3. The electric motor according to claim 1, wherein the sensor element extends longitudinally beyond the motor shaft.

4. The electric motor according to claim 1, wherein the recess is defined by two material segments for shadowing the light beam of the rotary encoder.

5. The electric motor according to claim 4, wherein the two material segments extend parallel to a rotational axis of the sensor element and define two recesses which are formed by a groove that extends radially and completely through the sensor element.

6. The electric motor according to claim 5, wherein each of the two material segments has a cylindrical segment-shaped outer surface and a flat inner surface, the inner surfaces of the material segments being arranged parallel to each other and delimiting the groove.

7. The electric motor according to claim 4, wherein the sensor element is a hollow cylindrical shape, and wherein the material segments have a uniform wall thickness and define at least two recesses.

8. The electric motor according to claim 7, wherein the number of recesses is three.

9. The electric motor according to claim 1, wherein the motor pinion and the sensor element are designed as a one-piece, injection-molded part.

10. The electric motor according to claim 4, wherein the rotary encoder with the light source also includes a light receiver, and wherein the sensor element is arranged between the light source and the light receiver in such a way that a direct light beam can be projected between the light source and the light receiver via the at least one recess and be shaded by the material segments.

11. The electric motor according to claim 10, wherein the light beam is aligned radially with respect to the longitudinal axis of the sensor element.

12. The electric motor according to claim 10, wherein the light source and the light receiver are arranged radially opposite the sensor element.

13. The electric motor according to claim 10, wherein the light source is radially arranged inside the sensor element, and the light receiver is radially arranged outside the sensor element.

14. The electric motor according to claim 10, wherein the light receiver is radially arranged inside the sensor element, and the light source is radially arranged outside the sensor element.

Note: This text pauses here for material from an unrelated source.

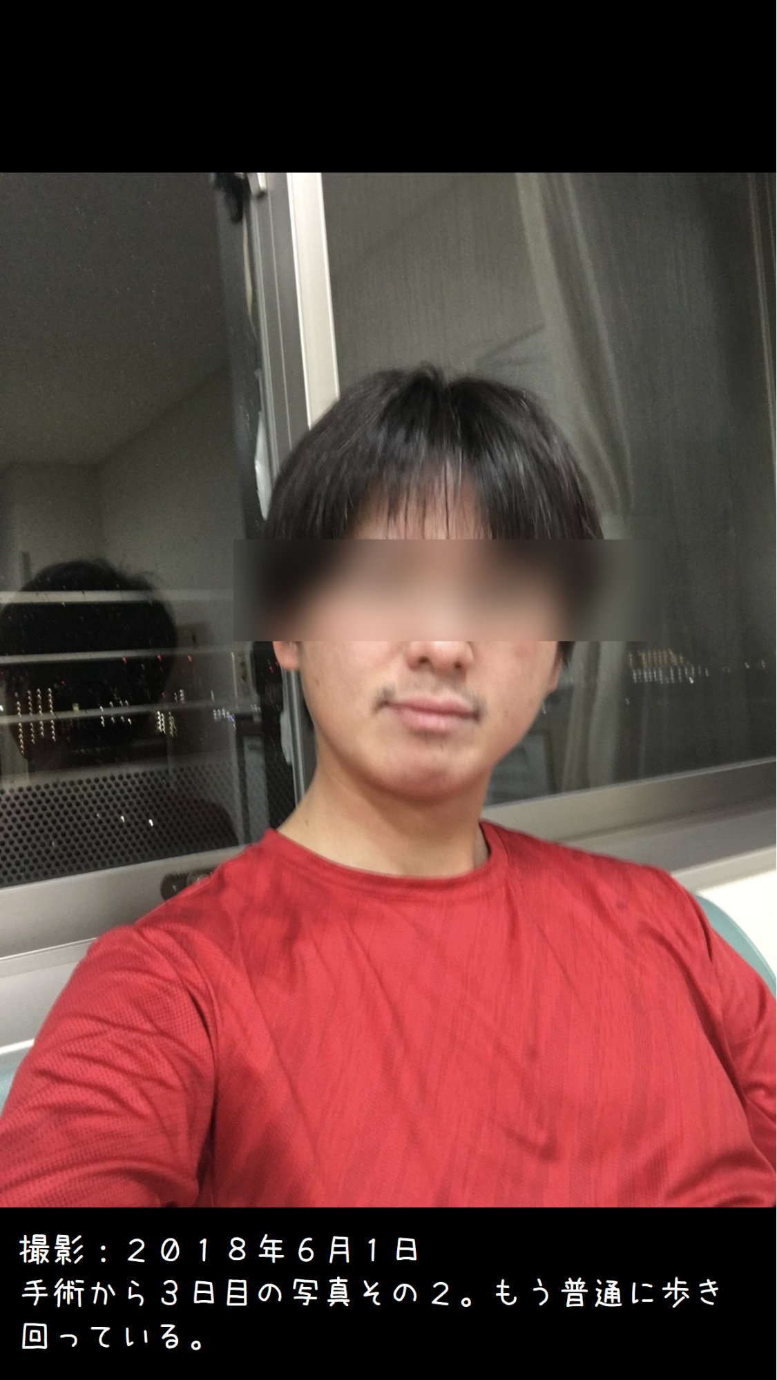 病室に嫁が到着、それとほぼ同時に看護師が呼びにきた。いよいよ手術室だ。手術の怖さは特になかった。この時の心境は緊張が4と、早く終わってほしいという面倒臭さが6くらい。なにをされようとも、尿道から内視鏡を入れられるよりはマシである。余裕のよっちゃん。

15. The electric motor according to claim 10 further comprising a sensor circuit board axially spaced from the sensor element and wherein the light source and the light receiver are mounted on the sensor circuit board.

16. The electric motor according to claim 1, further comprising at least two rotary encoders, each forming a light barrier; the light barriers being offset by an angle off the longitudinal axis of the sensor element which is not equal to 180 degrees.

17. The electric motor according to claim 10, further comprising at least two rotary encoders, each forming a light barrier; the light barriers being offset by an angle off the longitudinal axis of the sensor element which is not equal to 180 degrees.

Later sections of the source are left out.